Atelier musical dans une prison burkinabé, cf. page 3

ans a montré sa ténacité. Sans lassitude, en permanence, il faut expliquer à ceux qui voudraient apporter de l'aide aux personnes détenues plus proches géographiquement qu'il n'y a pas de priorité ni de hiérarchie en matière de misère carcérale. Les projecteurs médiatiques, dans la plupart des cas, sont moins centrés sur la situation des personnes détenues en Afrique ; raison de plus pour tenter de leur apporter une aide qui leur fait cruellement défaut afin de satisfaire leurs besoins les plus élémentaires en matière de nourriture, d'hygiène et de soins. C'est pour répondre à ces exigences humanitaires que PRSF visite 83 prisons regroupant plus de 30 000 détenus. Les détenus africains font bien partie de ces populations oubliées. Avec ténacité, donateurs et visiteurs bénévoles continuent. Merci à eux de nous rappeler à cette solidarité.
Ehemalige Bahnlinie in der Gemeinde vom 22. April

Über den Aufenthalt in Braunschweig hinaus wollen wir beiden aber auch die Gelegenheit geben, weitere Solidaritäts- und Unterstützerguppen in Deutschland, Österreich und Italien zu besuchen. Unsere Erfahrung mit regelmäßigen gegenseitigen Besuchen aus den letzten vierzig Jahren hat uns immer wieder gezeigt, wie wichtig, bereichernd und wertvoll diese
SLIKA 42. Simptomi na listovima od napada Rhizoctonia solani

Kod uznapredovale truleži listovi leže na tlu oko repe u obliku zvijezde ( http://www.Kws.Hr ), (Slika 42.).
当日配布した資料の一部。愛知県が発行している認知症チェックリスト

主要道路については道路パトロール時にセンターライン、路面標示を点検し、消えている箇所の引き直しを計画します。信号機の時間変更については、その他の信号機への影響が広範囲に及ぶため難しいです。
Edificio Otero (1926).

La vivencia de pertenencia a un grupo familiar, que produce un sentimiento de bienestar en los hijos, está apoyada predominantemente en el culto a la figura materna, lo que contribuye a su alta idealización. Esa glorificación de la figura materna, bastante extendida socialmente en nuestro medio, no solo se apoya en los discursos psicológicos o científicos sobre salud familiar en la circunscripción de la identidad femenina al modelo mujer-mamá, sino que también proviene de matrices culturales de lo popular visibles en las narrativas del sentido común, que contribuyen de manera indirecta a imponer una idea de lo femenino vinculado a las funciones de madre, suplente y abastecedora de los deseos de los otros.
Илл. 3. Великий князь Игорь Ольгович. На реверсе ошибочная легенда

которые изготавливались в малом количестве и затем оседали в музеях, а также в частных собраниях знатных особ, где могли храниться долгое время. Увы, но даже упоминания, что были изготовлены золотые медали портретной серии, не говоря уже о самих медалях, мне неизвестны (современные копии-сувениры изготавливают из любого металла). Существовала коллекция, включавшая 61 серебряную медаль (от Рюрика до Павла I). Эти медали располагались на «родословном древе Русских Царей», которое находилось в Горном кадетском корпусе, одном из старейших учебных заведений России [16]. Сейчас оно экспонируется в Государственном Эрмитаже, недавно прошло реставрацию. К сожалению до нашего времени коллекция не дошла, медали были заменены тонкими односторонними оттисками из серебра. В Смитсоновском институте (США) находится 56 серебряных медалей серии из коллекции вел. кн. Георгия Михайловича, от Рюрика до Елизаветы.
------------------------------------------------
Produce the material again exactly as it is shown above.

Atelier musical dans une prison burkinabé, cf. page 3

ans a montré sa ténacité. Sans lassitude, en permanence, il faut expliquer à ceux qui voudraient apporter de l'aide aux personnes détenues plus proches géographiquement qu'il n'y a pas de priorité ni de hiérarchie en matière de misère carcérale. Les projecteurs médiatiques, dans la plupart des cas, sont moins centrés sur la situation des personnes détenues en Afrique ; raison de plus pour tenter de leur apporter une aide qui leur fait cruellement défaut afin de satisfaire leurs besoins les plus élémentaires en matière de nourriture, d'hygiène et de soins. C'est pour répondre à ces exigences humanitaires que PRSF visite 83 prisons regroupant plus de 30 000 détenus. Les détenus africains font bien partie de ces populations oubliées. Avec ténacité, donateurs et visiteurs bénévoles continuent. Merci à eux de nous rappeler à cette solidarité.
Ehemalige Bahnlinie in der Gemeinde vom 22. April

Über den Aufenthalt in Braunschweig hinaus wollen wir beiden aber auch die Gelegenheit geben, weitere Solidaritäts- und Unterstützerguppen in Deutschland, Österreich und Italien zu besuchen. Unsere Erfahrung mit regelmäßigen gegenseitigen Besuchen aus den letzten vierzig Jahren hat uns immer wieder gezeigt, wie wichtig, bereichernd und wertvoll diese
SLIKA 42. Simptomi na listovima od napada Rhizoctonia solani

Kod uznapredovale truleži listovi leže na tlu oko repe u obliku zvijezde ( http://www.Kws.Hr ), (Slika 42.).
当日配布した資料の一部。愛知県が発行している認知症チェックリスト

主要道路については道路パトロール時にセンターライン、路面標示を点検し、消えている箇所の引き直しを計画します。信号機の時間変更については、その他の信号機への影響が広範囲に及ぶため難しいです。
Edificio Otero (1926).

La vivencia de pertenencia a un grupo familiar, que produce un sentimiento de bienestar en los hijos, está apoyada predominantemente en el culto a la figura materna, lo que contribuye a su alta idealización. Esa glorificación de la figura materna, bastante extendida socialmente en nuestro medio, no solo se apoya en los discursos psicológicos o científicos sobre salud familiar en la circunscripción de la identidad femenina al modelo mujer-mamá, sino que también proviene de matrices culturales de lo popular visibles en las narrativas del sentido común, que contribuyen de manera indirecta a imponer una idea de lo femenino vinculado a las funciones de madre, suplente y abastecedora de los deseos de los otros.
Илл. 3. Великий князь Игорь Ольгович. На реверсе ошибочная легенда

которые изготавливались в малом количестве и затем оседали в музеях, а также в частных собраниях знатных особ, где могли храниться долгое время. Увы, но даже упоминания, что были изготовлены золотые медали портретной серии, не говоря уже о самих медалях, мне неизвестны (современные копии-сувениры изготавливают из любого металла). Существовала коллекция, включавшая 61 серебряную медаль (от Рюрика до Павла I). Эти медали располагались на «родословном древе Русских Царей», которое находилось в Горном кадетском корпусе, одном из старейших учебных заведений России [16]. Сейчас оно экспонируется в Государственном Эрмитаже, недавно прошло реставрацию. К сожалению до нашего времени коллекция не дошла, медали были заменены тонкими односторонними оттисками из серебра. В Смитсоновском институте (США) находится 56 серебряных медалей серии из коллекции вел. кн. Георгия Михайловича, от Рюрика до Елизаветы.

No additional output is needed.